The subject matter described herein relates generally to wind turbines and, more particularly, to methods and systems for detecting wind turbine blade inefficiencies.
Wind turbines are generally located in rural settings suitable to capture wind energy. As wind turbine technology improves, rotor blades continue to increase in size and are designed closer to material limits of known wind turbines. As such, known wind turbines are susceptible to damage from multiple sources, including, but not limited to lightning strikes, icing, and/or fatigue loads caused by fluctuating wind conditions.
At least some known damage detection systems may sense a lightning strike or the presence of ice buildup. However, such detection systems do not monitor whether a rotor blade has been damaged by a damaging event. When a rotor blade is damaged, it operates with a decreased power-capture potential. At least some known wind turbines are configured to reduce a load impact of the imbalanced rotor blade, resulting in reduced power capture and reduced efficiency of the wind turbine.

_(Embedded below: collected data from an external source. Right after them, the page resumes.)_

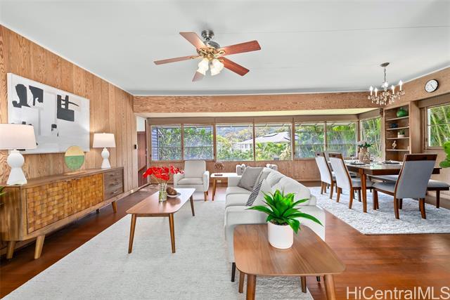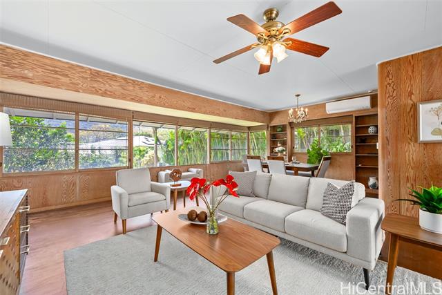 Nestled in the heart of Manoa, this charming 3-bedroom, 3-bath home captures the essence of classic island living with a lush, private setting that truly sets it apart. Surrounded by vibrant tropical foliage, the property’s expansive yard is a rare and exceptional feature. The outdoor space feels like a serene retreat with mature fruit trees, a lovely courtyard, and ample space to relax, entertain, or simply enjoy the beauty of nature. Inside, the home blends timeless character with thoughtful updates. Warm wood accents, including Ohia wood flooring, create an inviting, authentic Hawai‘i feel, while large windows frame majestic mountain views and bring in natural light. The finished lower level provides flexible space for guests, extended family, or a home office. Recent improvements include electrical and plumbing upgraded in 2026, fresh interior and exterior paint, and brand-new carpeting, making this home move-in ready while still preserving its classic Manoa charm. A true sanctuary in one of Honolulu’s most beloved neighborhoods, this property offers the perfect combination of indoor comfort and outdoor living.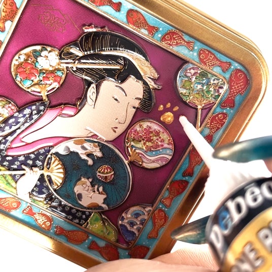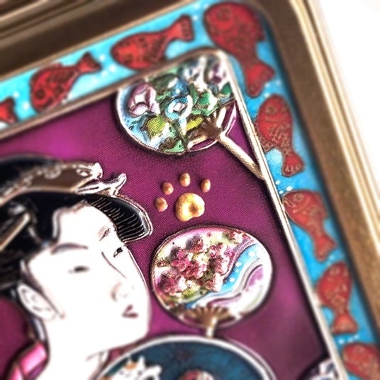 『お江戸ネコ缶』の全ての面のデザインは、グラスペイントアーティスト・Alisa Horitaによって描かれたガラス絵です。同じくAlisa Horitaが「ポッピンを吹く女」を描いた、大好評の『ポッピン缶』と『お江戸ネコ缶』を並べると、まるで姉妹のようです。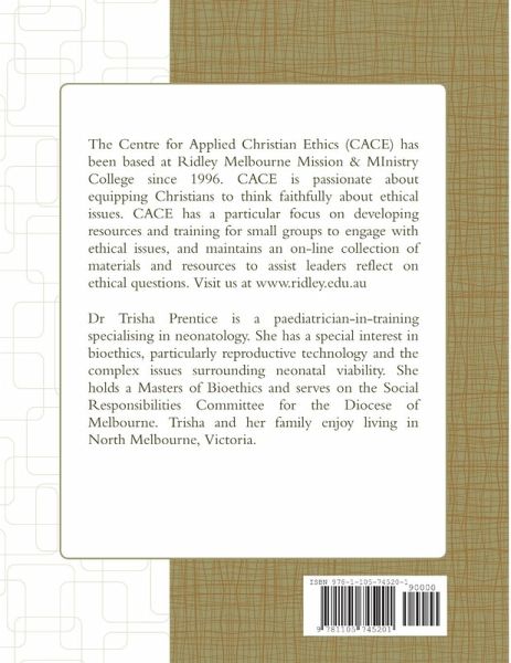 Issues relating to infertility and ART are increasingly common, and it is critical that Christians engage in an intelligent and faithful way with these emotive and closely felt issues. In this booklet, Dr Trisha Prentice offers an overview and sensitive Christian engagement with assisted reproductive technology. Includes questions for group discussion.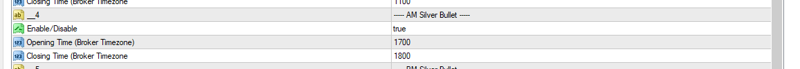 Is it possible to have 3 time settings. The first 2 time settings are the window that it looks for FVG's, and the last time setting is the trade close setting. So in the case below it would look for FVG and open limit orders between 17:00 & 18:00 but only close the orders at another time say 23:00.

As a result, at least one known method of inspecting for damage to a rotor blade includes visual inspection of the rotor blade surface by a human maintenance worker for cracks and similar damage. The visual inspection often includes the maintenance worker inspecting the rotor blades through binoculars from afar. Another known method of inspection includes dismantling of the rotor blades from the wind turbine and performing more advanced inspections at an inspection center. Such known methods may be time consuming, inefficient, and ineffective at identifying subsurface damage to a rotor blade.